## WHAT YOU WILL DO
Please set down exactly the lines of the listing below from the line containing "Matt Trakker and" through the line containing "Sakrisoy, Lofoten, Norway", both lines included, leaving out all other lines.

## GIVEN INFORMATION
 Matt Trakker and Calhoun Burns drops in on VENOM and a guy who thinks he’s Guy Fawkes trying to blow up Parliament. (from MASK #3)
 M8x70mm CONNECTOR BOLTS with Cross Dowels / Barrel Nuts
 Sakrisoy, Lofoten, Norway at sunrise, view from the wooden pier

==

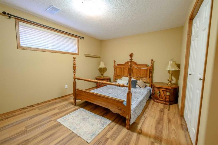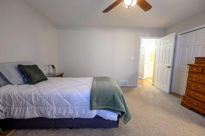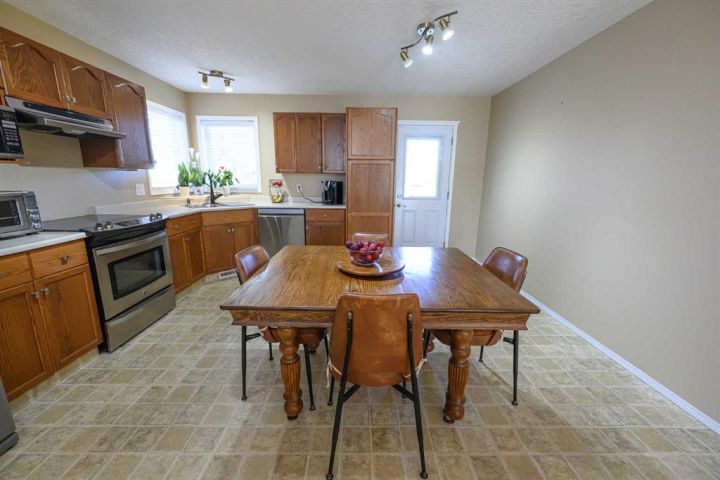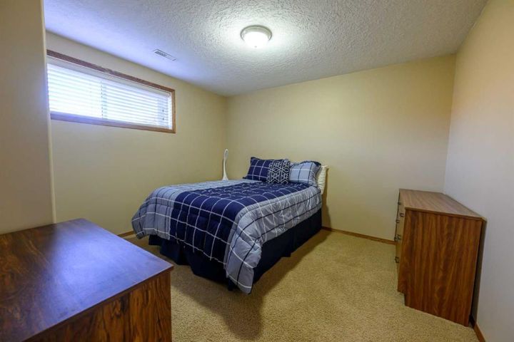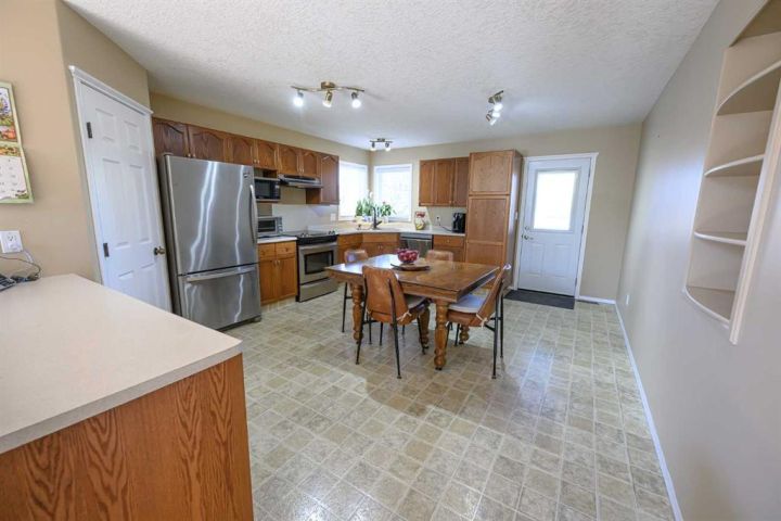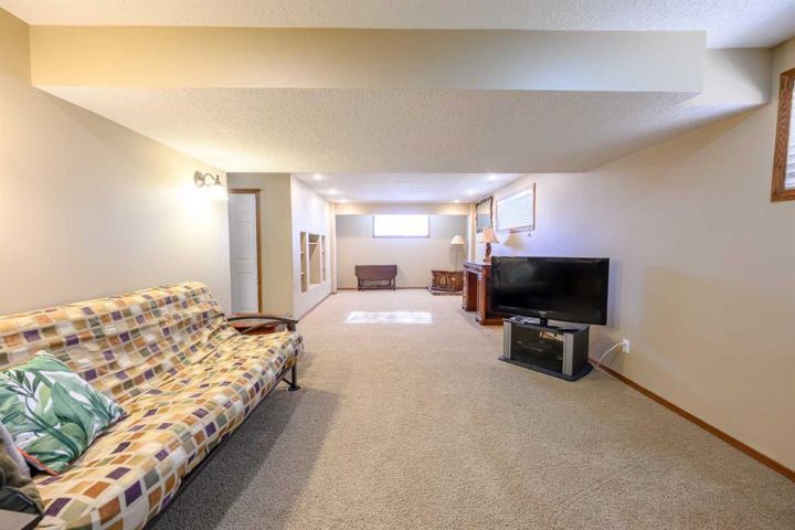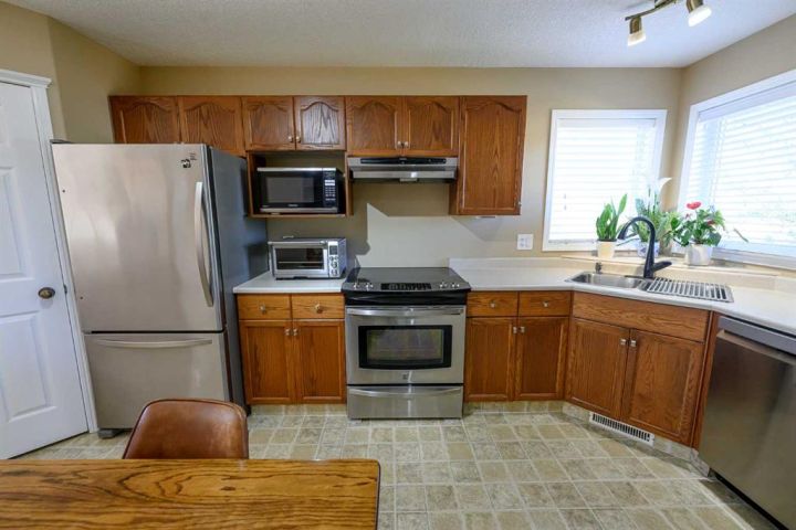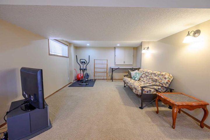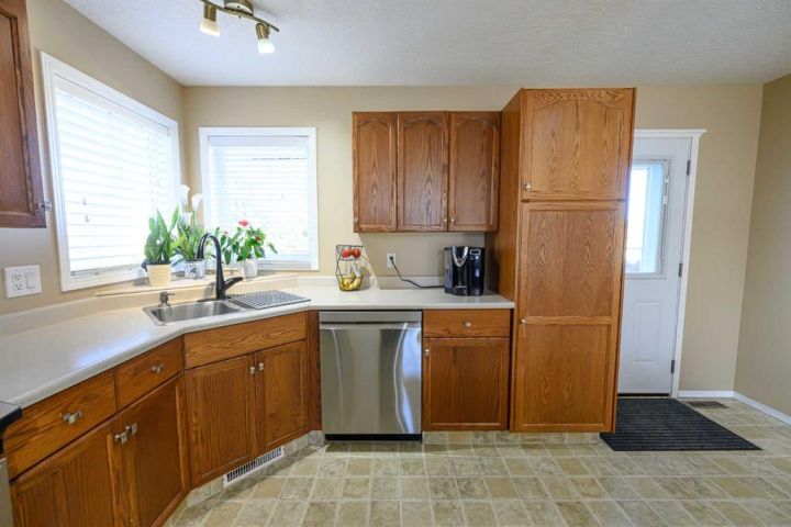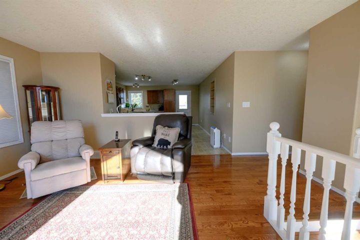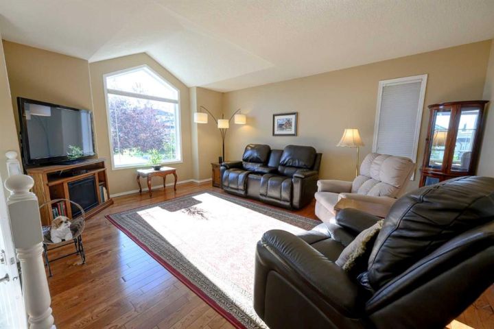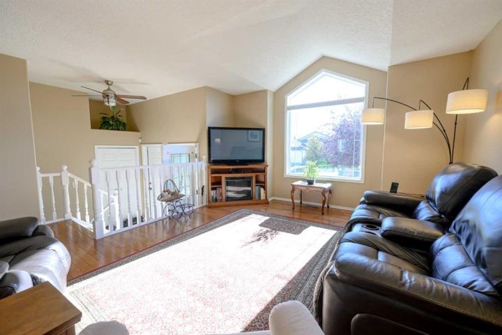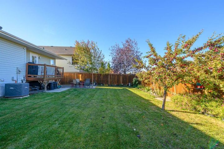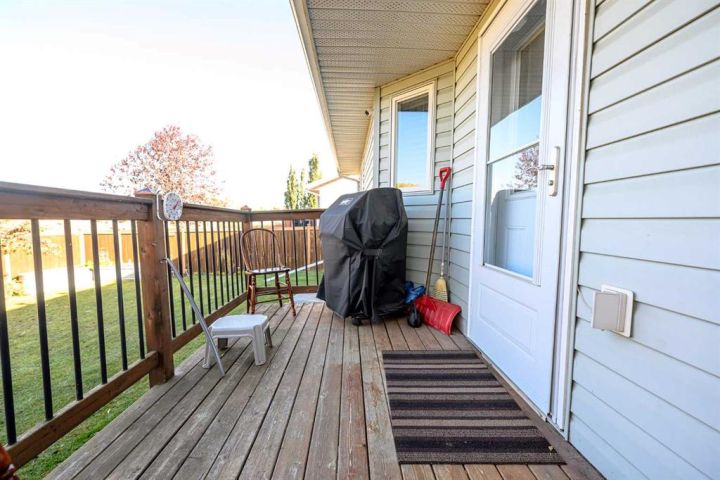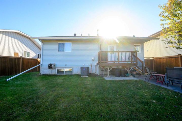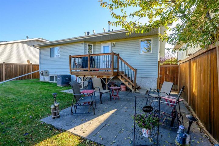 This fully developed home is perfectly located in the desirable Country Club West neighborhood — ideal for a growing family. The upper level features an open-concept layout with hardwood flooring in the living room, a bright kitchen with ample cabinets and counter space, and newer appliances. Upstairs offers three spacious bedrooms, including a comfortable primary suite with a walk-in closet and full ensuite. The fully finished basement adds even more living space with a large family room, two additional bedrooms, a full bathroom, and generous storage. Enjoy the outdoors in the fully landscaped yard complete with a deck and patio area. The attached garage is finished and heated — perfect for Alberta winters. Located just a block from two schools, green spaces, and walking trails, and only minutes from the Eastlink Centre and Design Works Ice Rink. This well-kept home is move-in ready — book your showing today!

## TASK SOLUTION
 Matt Trakker and Calhoun Burns drops in on VENOM and a guy who thinks he’s Guy Fawkes trying to blow up Parliament. (from MASK #3)
 M8x70mm CONNECTOR BOLTS with Cross Dowels / Barrel Nuts
 Sakrisoy, Lofoten, Norway at sunrise, view from the wooden pier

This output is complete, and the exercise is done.